Objective. To develop item weights for QoL-AGHDA based on the social preferences of the general population as measured using EQ-5Dindex
Methods: An extended questionnaire containing all 25 items of QoL-AGHDA together with EQ-5D (a generic measure of health-related quality of life) was distributed to 1,200 individuals registered with the National Population Preference Panel. QoL-AGHDA item 'yes/no' responses were coded 1/0 respectively and entered as dummy variables in a stepwise OLS regression models in which EQ-5Dindex (a utility-weighted form of EQ-5D) was the dependent variable. The resultant regression coefficients provide estimates of the (dis)utility associated with each of the selected QoL-AGHDA items.
Results: 1024 responses were analysed. Nine individual items from the full QoL-AGHDA met the selection criteria for inclusion in the OLS model.

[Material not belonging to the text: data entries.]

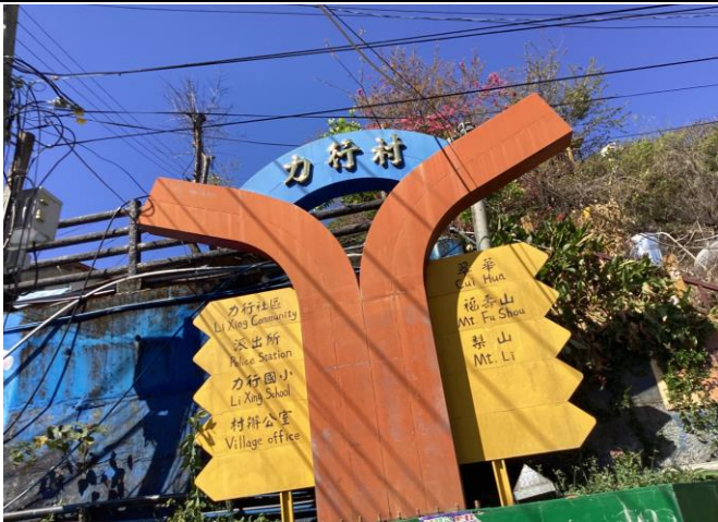
說明：帶學生到部落踏查交通環境。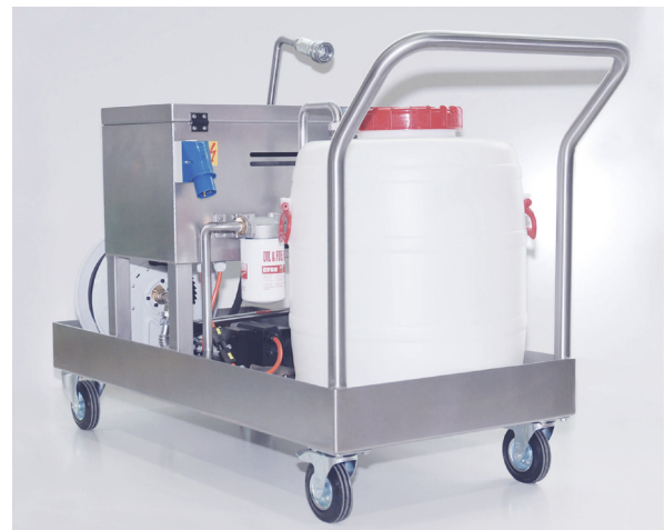
Kompl. Einheit vorkonfektioniert

Wir sorgen für einen zuverlässigen und umweltverträglichen Betrieb.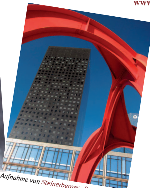
Aufnahme von Steinerberger - Paris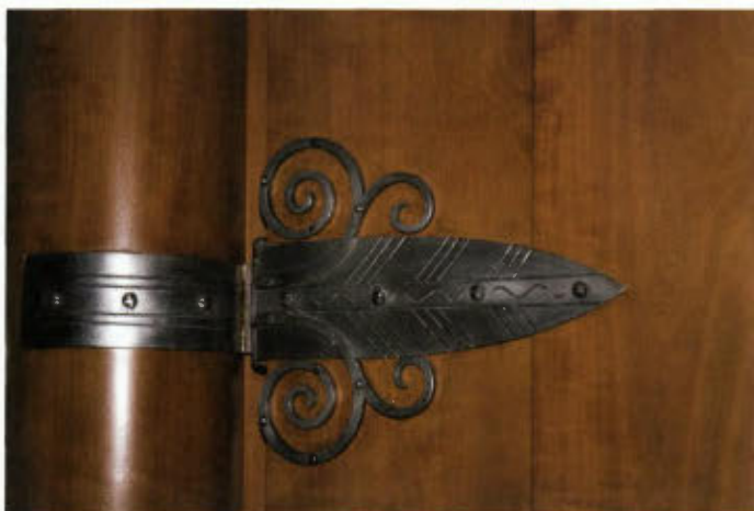
Detajl izvedene knjižne omare. .....

Priznanje statusa kulturnega spomenika lovski koči kralja Aleksandra in pripadajoči okolici je odvisno od odločitve občinskih svetnikov Občine Kamnik. Upajmo, da bodo znali oceniti prednosti, ki jih prinaša ohranjanje dragocenih značilnosti ambienta Kamniške Bistrice, znotraj katerega je svoj občutek za poseganje v naravo izkazal tudi arhitekt Jože Plečnik.

These items included 'It takes a lot of effort for me to do simple tasks' which dominated all others with a beta-coefficient (0.276) that was 3 times greater than the next highest valued item. The individual weighted index computed using these beta-coefficients correlated well with the corresponding EQ-5D score (r2=0.476) and followed the same general pattern in discriminating between levels of self-assessed health status (excellent/very good/good/fair/poor).
Conclusions: Item weights for QOL-AGHDA, derived from the social preferences of the general population can be used to generate an index form of QoL-AGHDA that has legitimacy in cost-utility analysis.